Oscips distorcidas para fortalecer o lobby armamentista
As OSCIPs foram criadas para atender demandas da sociedade civil organizada em áreas de relevância social. Permitir que clubes de tiro, cuja função primária é treinar e armar civis, se encaixem nessa categoria distorce completamente o objetivo inicial da lei que regulamenta essas organizações. Trata-se, acima de tudo, de um movimento que visa dar legitimidade ao lobby das armas no Brasil, um setor que cresceu de forma exponencial nos últimos anos, impulsionado pela flexibilização do acesso a armamentos durante o governo Bolsonaro.

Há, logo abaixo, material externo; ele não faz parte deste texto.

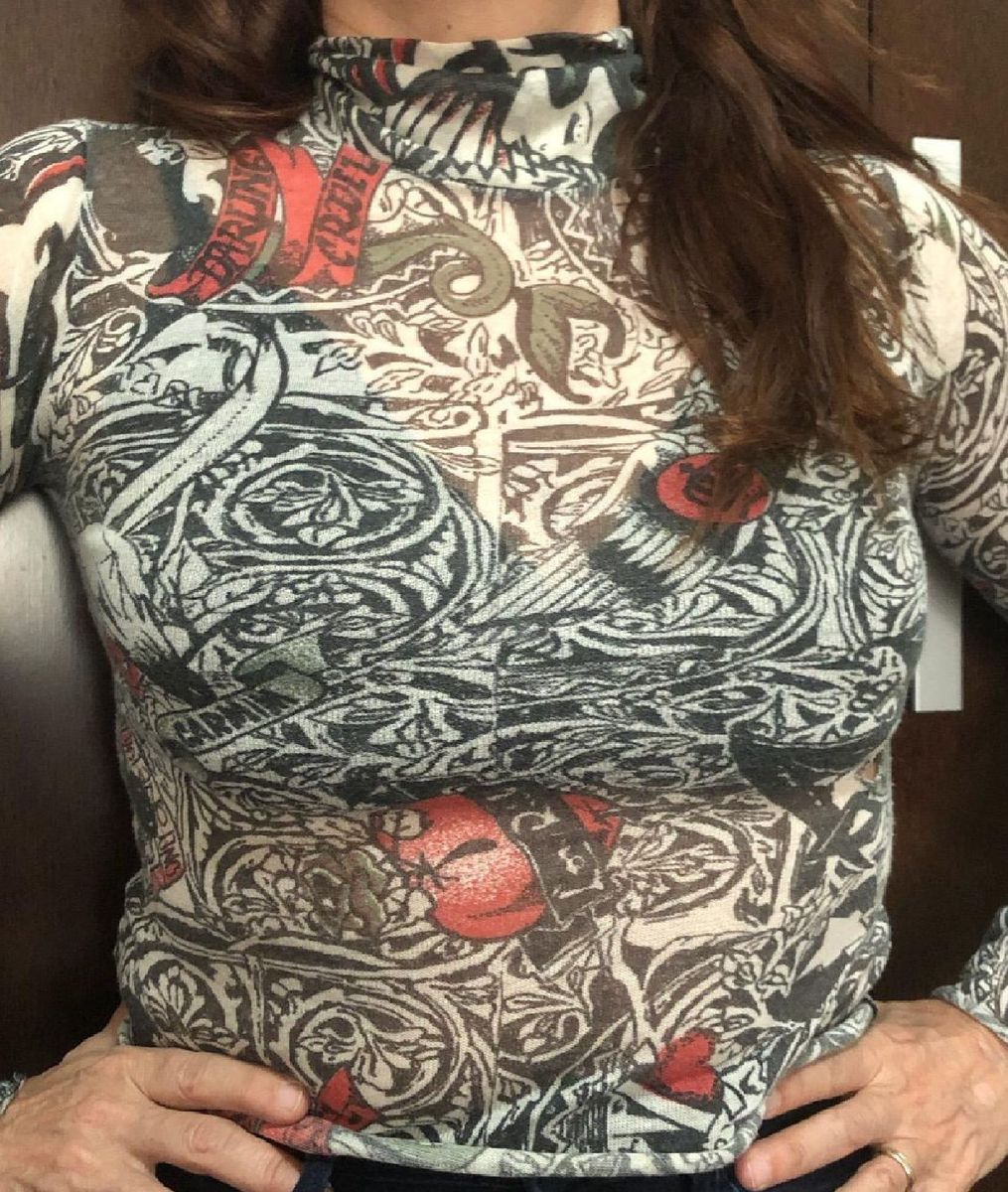 Essas blusas são ótimas opções para serem usadas por baixo de uma blusa mais fina ou até mesmo por baixo de uma blusa transparente fazendo assim um look super bonito. Ele estará em SP amanhã e terça. Descubra a melhor forma de comprar online. - Componha um look divertido para uma festa à fantasia ou. Blusa segunda pele tatuagem Em contato com a pele este underwear tem a função de manter o calor natural do corpo ao mesmo tempo que absorve o suor mantendo-o sempre seco e garantindo o conforto térmico. Blusa segunda pele feminina estampas tatuagem. R 7999 R 11999. Segunda Pele Tatto Camiseta Tatuagem Tato Shirt Tattoo Blusa. Entre e conheça as nossas incriveis ofertas. 100 Algodão TAMANHO BUSTO OMBRO COMPRIMENTO P 94 cm 40 cm 64 cm M 98 cm 42 cm 66 cm G 102 cm 44 cm 68 cm. A peça tem caimento ajustado ao corpo. Regulamento - FRETE GRÁTIS. Descubra a melhor forma de comprar online.

É inegável que o avanço do lobby armamentista segue um padrão preocupante de normalização da posse de armas e da militarização da vida civil. O que antes era uma atividade restrita e regulada para poucas pessoas com fins específicos, como segurança ou esporte de competição, agora encontra defensores no Congresso dispostos a abrir as portas para a proliferação de armas entre a população, com pouquíssimos entraves.
Regulação enfraquecida e segurança em risco
Se aprovado em definitivo, o projeto traria não apenas benefícios fiscais aos clubes de tiro, mas também facilidades operacionais, inclusive a possibilidade de firmar convênios com o poder público. É importante destacar que essas entidades se tornariam aptas a obter isenções tributárias, que deveriam estar destinadas a organizações com reais propósitos sociais e não a entidades cujo objetivo principal é a prática de tiro ao alvo.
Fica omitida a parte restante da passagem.